Background: Chest CT is widely used in clinical diagnosis and efficacy evaluation of CAP. While repeated chest CT examinations to evaluate dynamic changes in chest CT images in a short period of time is a common phenomenon, it causes a lot of waste of medical resources, and due to the large dose of CT radiation, it can cause some harm to the human body. The purpose of this study is to establish a new model to predict the dynamic chest CT image changes of CAP patients by analyzing the age, smoking history, and serum inflammatory markers.
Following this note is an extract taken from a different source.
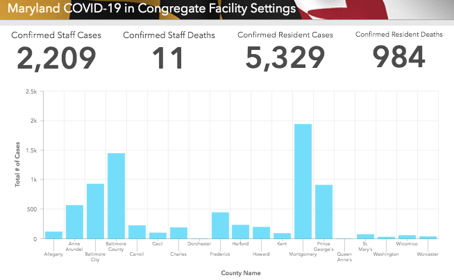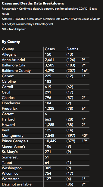 Table by Patch. Data courtesy of Maryland Department of Health.

Methods: This is a retrospective study. All patients had received chest CT scan and serum inflammatory indexes were measured, including procalcitonin (PCT), high-sensitivity C-reactive protein (hs-CRP), white blood cell (WBC) and erythrocyte sedimentation rate (ESR). The second chest CT examination was performed after a week of treatment. General information on the medical record was also recorded (including age, smoking history, drinking history, and others). Main outcome measures were the changes of chest CT images, including absorption and non-absorption (including patients with progressive inflammation). Single factor analysis and two-dimensional logistic regression analysis were used to explore the independent risk factors of the new CT image change prediction model for CAP patients. ROC was used to evaluate the sensitivity and specificity of the new model.
Results: Among 220 patients with CAP, 150 patients had absorption in chest CT after a week of treatment (150/220), the remaining 70 patients had no absorption or even progression (70/220). Age, PCT, and smoking history were independent risk factors for inflammatory absorption. The AUC of ROC curve was 0.89 (95% CI 0.83 - 0.94), the sensitivity was 88.70%, and the specificity was 80.00%.
Conclusions: A new prediction model consists of serum PCT, age, and smoking history has high specificity and sensitivity in predicting dynamic CT changes in adult CAP patients.